Asset Misappropriation II: Fraudulent Disbursements

Now we follow the money out the door. Fraudulent disbursement schemes are how employees make the organization pay out money it never should have — and here's the structural point that matters most: unlike skimming, these are on-book schemes. The thief uses the company's own payment process — accounts payable, payroll, the expense system, the checkbook, the cash register — so there is always a recorded transaction.

It just rests on a lie. The payment looks legitimate on its face; the fraud is in the underlying claim that justified it. That dual nature makes disbursement fraud both the most lucrative category of asset misappropriation, because the company's whole machinery is cutting the checks for you, and at the same time the most detectable, because every scheme leaves a record you can test if you know where to look.

The exam treats this as a taxonomy question, so memorize the five families as a set: billing schemes, payroll schemes, expense-reimbursement schemes, check tampering, and register disbursements. Picture them as the five doors money can walk out of. Let's walk each one.

Billing schemes are the largest disbursement category by both frequency and loss, so the exam leans on them hard. The idea is simple: cause the company to pay an invoice it shouldn't. There are three sub-types to keep straight.

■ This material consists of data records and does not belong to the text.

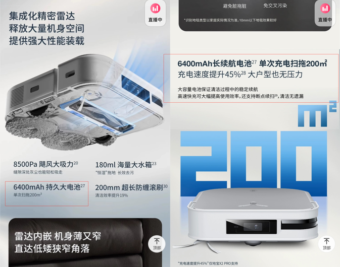 该商家在详情页宣称该产品配备了“6400mAh持久大电池”,产品“单次扫拖200平方米”且“大容量电池保证清洁过程中的稳定续航”。史女士表示,现实情况是单次扫拖86平方米就出现电量不足的情况。截至目前,上述问题仍未得到有效解决。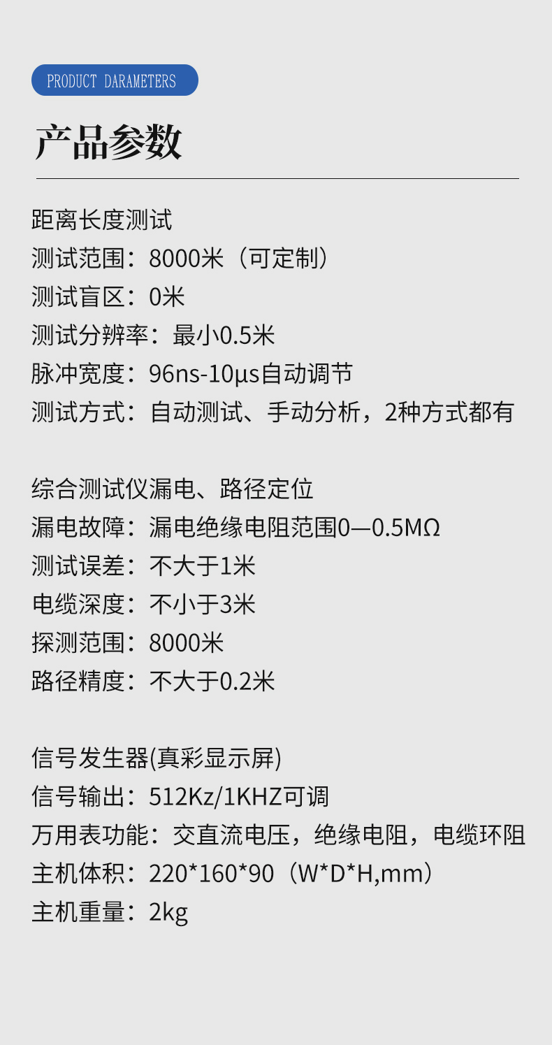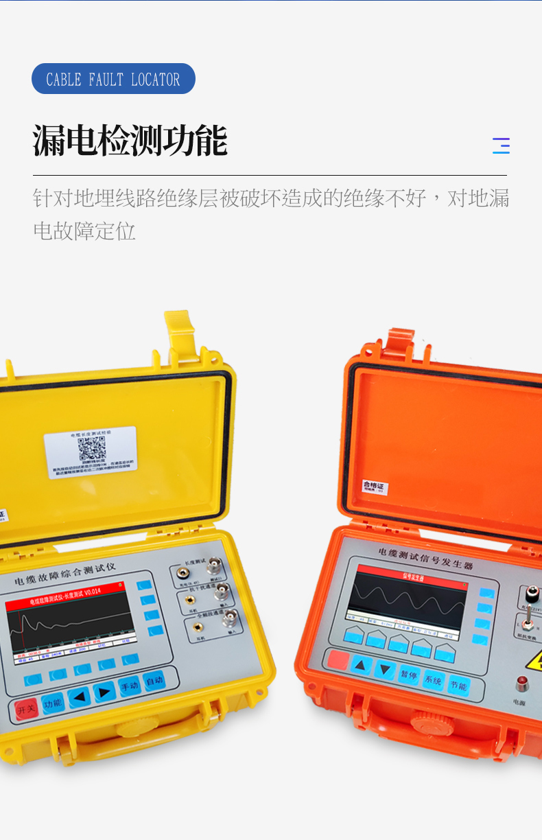 適用于路燈電纜維護、農(nóng)田水澆地電纜故障查修、小區(qū)物業(yè)及園林綠化帶地埋鎧甲鐵皮電力電纜、野外動力電纜、高速公路、廠礦企業(yè)、鐵塔通信基站直埋供電電纜故障排查等行業(yè)。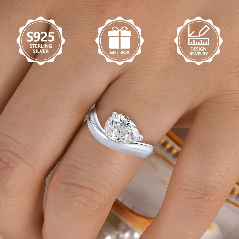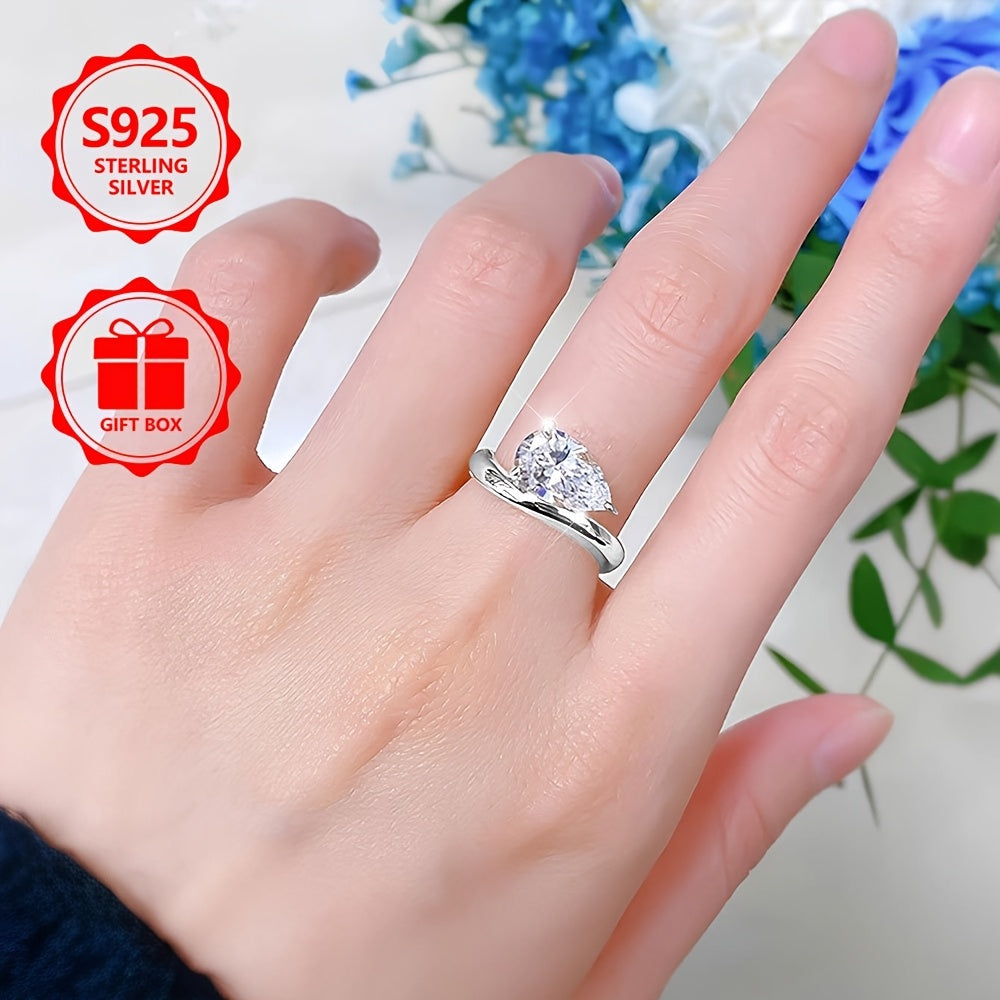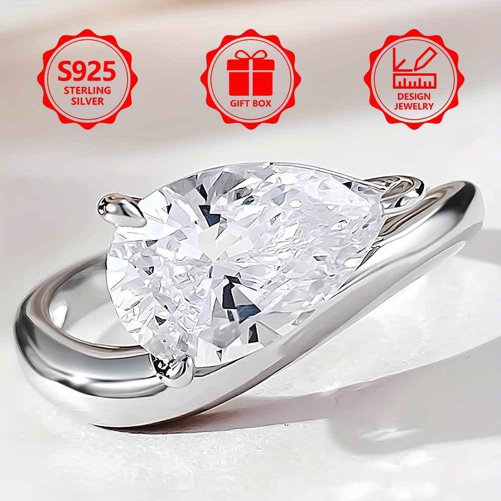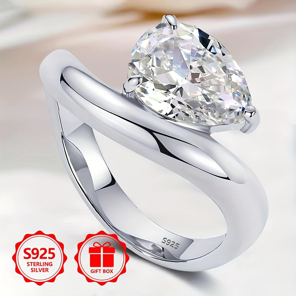 Elegant and timeless 925 silver ring featuring a pear-shaped cubic zirconia stone in a 3-prong setting. Perfect for daily wear, weddings, or as a Valentine's gift.

In a shell-company scheme, the fraudster sets up a fictitious vendor — sometimes nothing more than a mailbox and a bank account in a name that sounds plausible — and submits invoices for goods or services that were never delivered, then approves and pays them. In a pass-through scheme, there's a real intermediary, but it's an entity the employee secretly controls; that intermediary buys goods at the market price, then resells them to the employer at an inflated markup, and the employee pockets the spread. The pass-through is sneakier than the shell company because real goods actually change hands, so the only thing wrong is the price.

And in a personal-purchase scheme, the employee skips the fake vendor entirely and just buys personal items on the company account or company card. The red flags to memorize: vendors with only a P-O-box address, invoices priced just under an approval limit, vendor names suspiciously similar to a legitimate supplier's, sudden spikes in spending with one vendor, and an employee who insists on personally handling everything about a single vendor and resists anyone else touching the account.

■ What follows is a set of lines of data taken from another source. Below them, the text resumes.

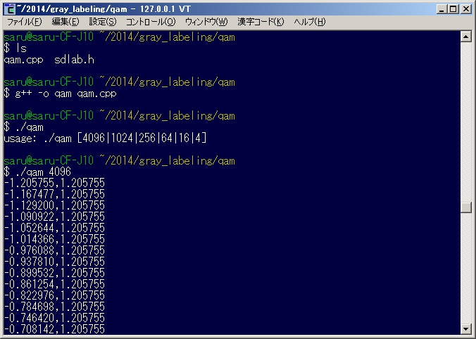 ↑は行列qamに入っている値をプロットする処理です。 サンプルプログラムの動かし方 †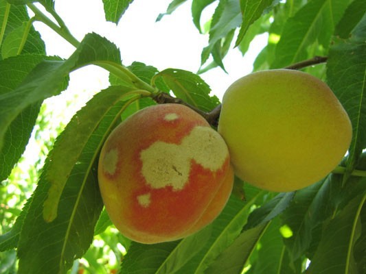 A gyümölcsöskertekben járva ritka betegség tüneteit fedeztem fel őszibarack termésén. Az őszibarack lisztharmata különösen a gyümölcsön súlyos elváltozásokat okoz: a gyümölcs fejletlen, íztelen, gyorsan romló. Felületén kisebb-nagyobb, ki nem emelkedő, okkeres, színű, szemcsésen nemezes folt, illetve foltok keletkeznek (képen). A piros héjú fajtákon az ilyen foltokat piros gyűrű is övezheti. Egyéb, a hajtásokra és levelekre jellemző tüneteket – a levelek piszkos fehéres-rózsaszínes elszíneződését, csónakosan görbült száradását és levélhullást, valamint a hajtásvég lisztességét és a rügyek beszáradását – szinte nem is lehetett látni. Mivel a kén a lisztharmat mindenkori ellenszere, rügypattanásig a lemosó keneket, később a nedvesítő kenek (Thiovit, Kumulus, Cosavet, Microthiol Special stb.)használatát javaslom. A fertőzött gyümölcsöket – amennyire lehetséges – célszerű eltávolítani. Egyes fajták különösen érzékenyek a lisztharmatfertőzéssel szemben.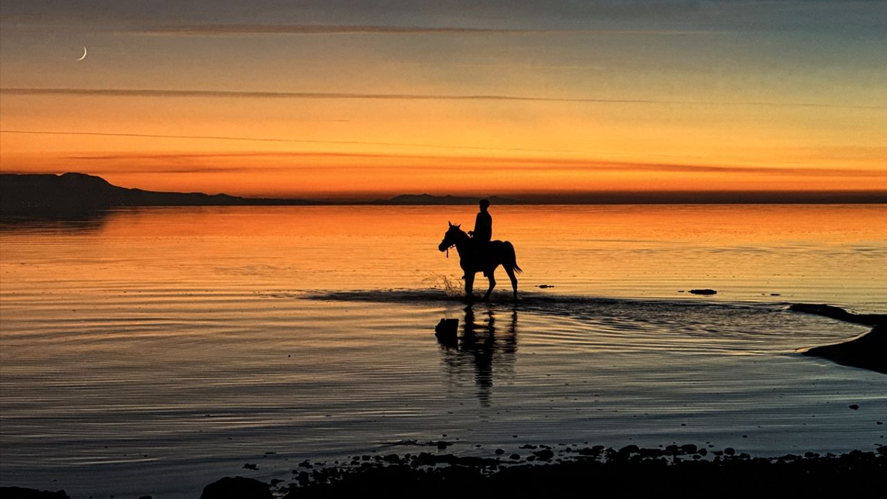 Bu doyumsuz anlar, göl kıyısında atıyla gezintiye çıkan bir vatandaşı da içine alarak unutulmaz kareler oluşturdu.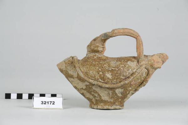Askos a forma di volatile, ansa impostata superiormente al corpo e piede a disco.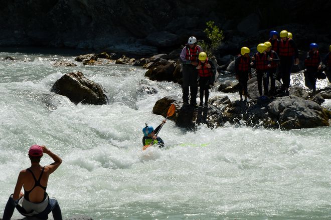 Vystoupit se nedá. Chvilku koukám, kde co lítá, nedávám pozor, trošku se nechávám vyšťouchnout z malého vracáku a už další peřej nedobrovolně najíždím. No paráda! Sype to z kopce a já prostě pádluju a honem hledám vracák, kde bych mohla vedení skupiny předat. Přeci jen po roce a půl ježdění ještě nejsem moc zdatný najížděč. Uf, vyděšeně dýchám a držím se kamene. Tři kilometry jsou nekonečné. Už jsme skoro dole, na vysedačku v Briançonu zbývá asi 500 m a docházejí síly. Sice odpočíváme ve vracáku, ale válečky pěkně tahají za ruce, peřeje jsou rozbité, chce to vyhýbat se kamenům.

Two more families ride on routine, high-volume payments. Payroll schemes include the ghost employee — a fake or terminated worker kept on the payroll so someone collects the checks — plus falsified hours, inflated commissions, and bogus bonuses. Expense-reimbursement schemes come in four flavors the exam likes to test: mischaracterized expenses, where a personal cost is billed as business; overstated expenses, where a real cost is inflated; fictitious expenses, invented from nothing; and multiple reimbursements, where the same receipt is submitted more than once.

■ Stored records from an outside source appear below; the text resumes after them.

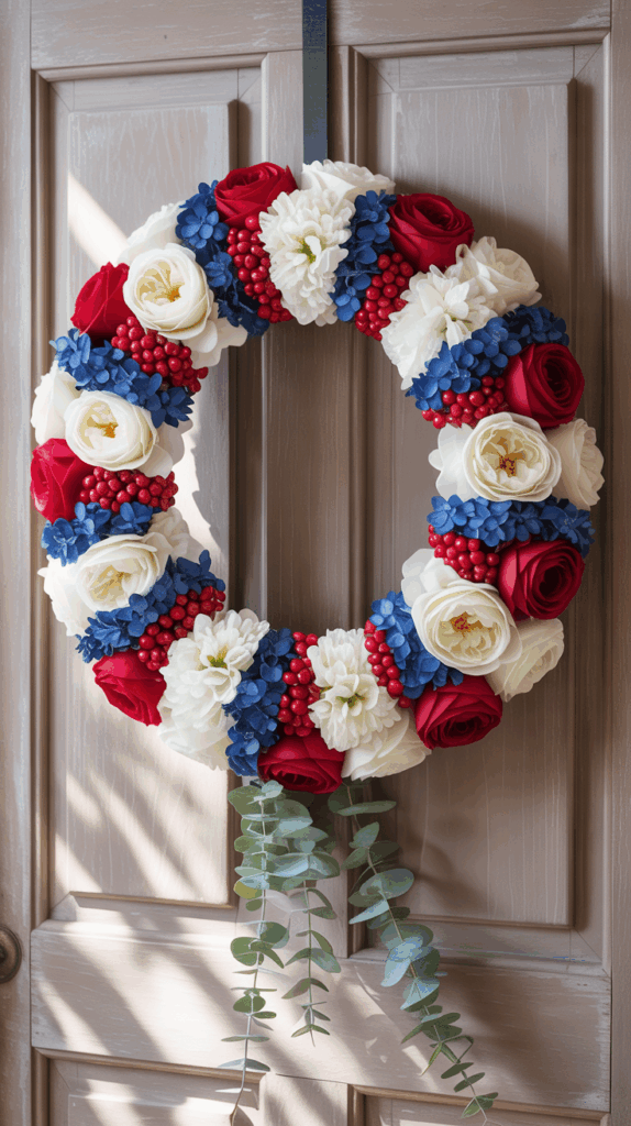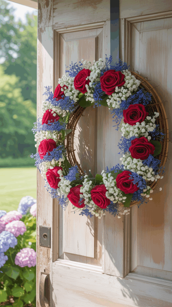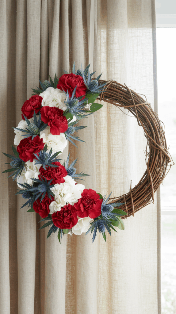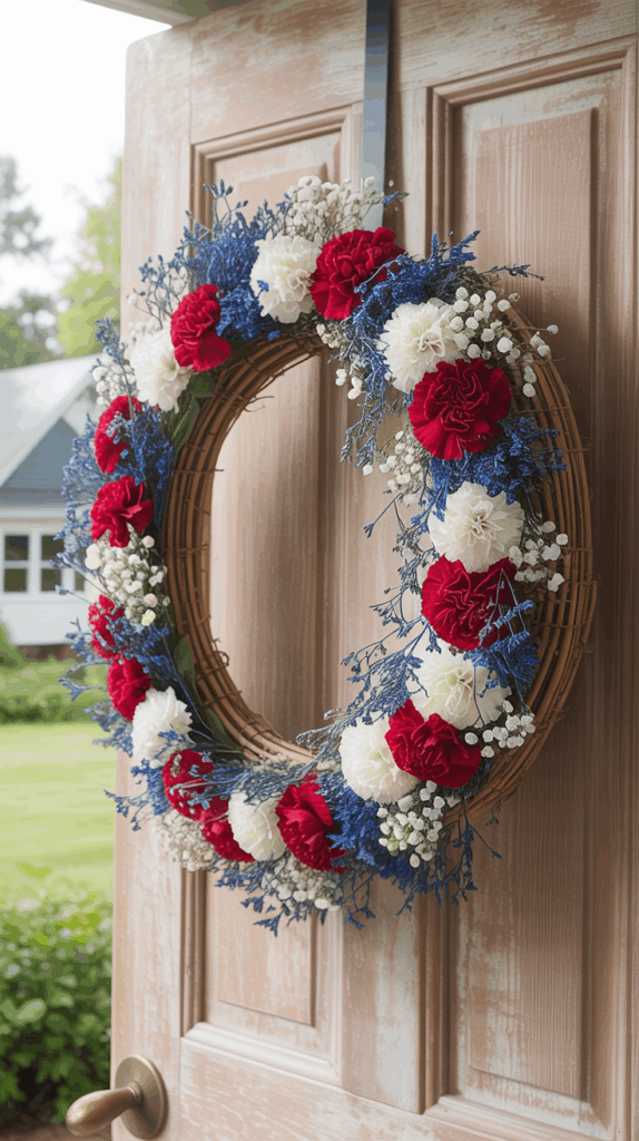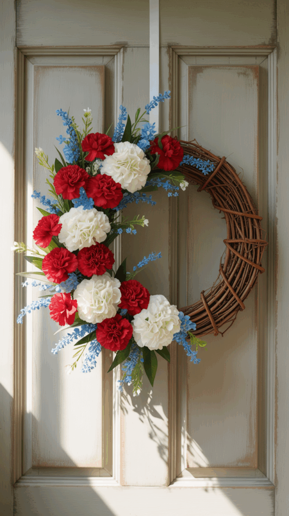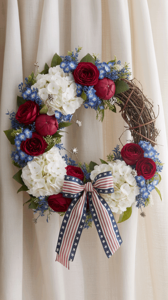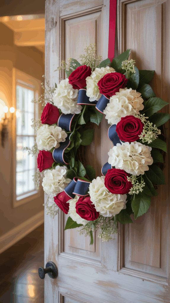 Use distressed wood or a grapevine base, add white peonies and dusty blue accents, and tie in a red striped bow for subtle patriotic elegance.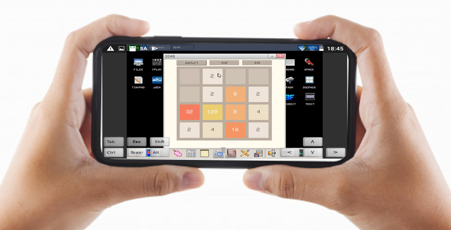 На снимке игра "2048", запущенная в виртуальной машине с 16 мегабайтами оперативной памяти под управлением KolibriOS. Удаленный доступ осуществляется по протоколу VNC с помощью приложения bVNC под Android.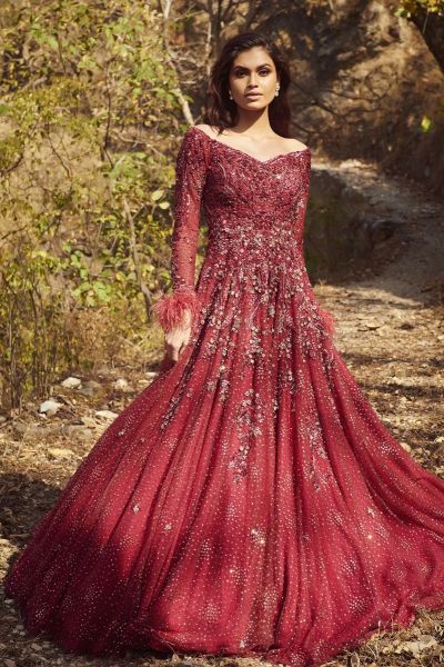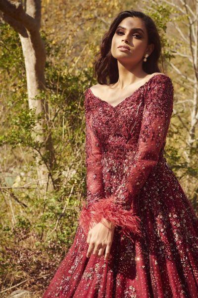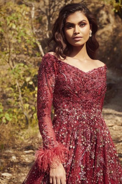 Zardozi embroidery on burgundy glitter tulle gown with Japanese cutdana, french sequins, and feathers.

Both families thrive on volume and weak review, which is why analytics — duplicate-payment tests, employees whose addresses match a vendor's — catch so many of them.

The last two families. Check tampering is distinctive because the fraudster physically prepares or alters the payment instrument — forging the signature of the person authorized to sign, forging an endorsement, altering the payee, or, as an authorized signer, simply cutting a check to themselves. Register-disbursement schemes happen at the point of sale, where an employee processes a false void or a false refund to pull cash out of the register and make the books still balance.

The false void cancels a legitimate sale so the cash the customer paid can be lifted; the false refund records a return that never happened so cash flows back out to the employee. Note the contrast with skimming from the last lecture: a false refund is on-book — there's an entry, a recorded refund transaction — whereas unrecorded sales were off-book with no entry at all. Same register, completely different evidence trail, and the exam will test whether you can tell which one you're looking at.

If there's a recorded transaction behind the missing cash, you're in disbursement territory, not skimming.

The defense is structural. Segregate the three incompatible duties — authorizing a payment, having custody of the funds, and recording the transaction — so no one person controls a payment end to end. Lock down the vendor master file so new vendors get independent vetting.

Use positive pay at the bank to stop altered checks, and run data analytics for duplicate payments, round-dollar invoices, and vendor-employee address matches. On the exam, your move is two steps: first place the scheme in one of the five families, then name the specific sub-scheme. A scenario about a fake vendor is a billing shell-company scheme; a terminated worker still being paid is a ghost-employee payroll scheme.

Next, we leave cash behind for inventory and other non-cash assets.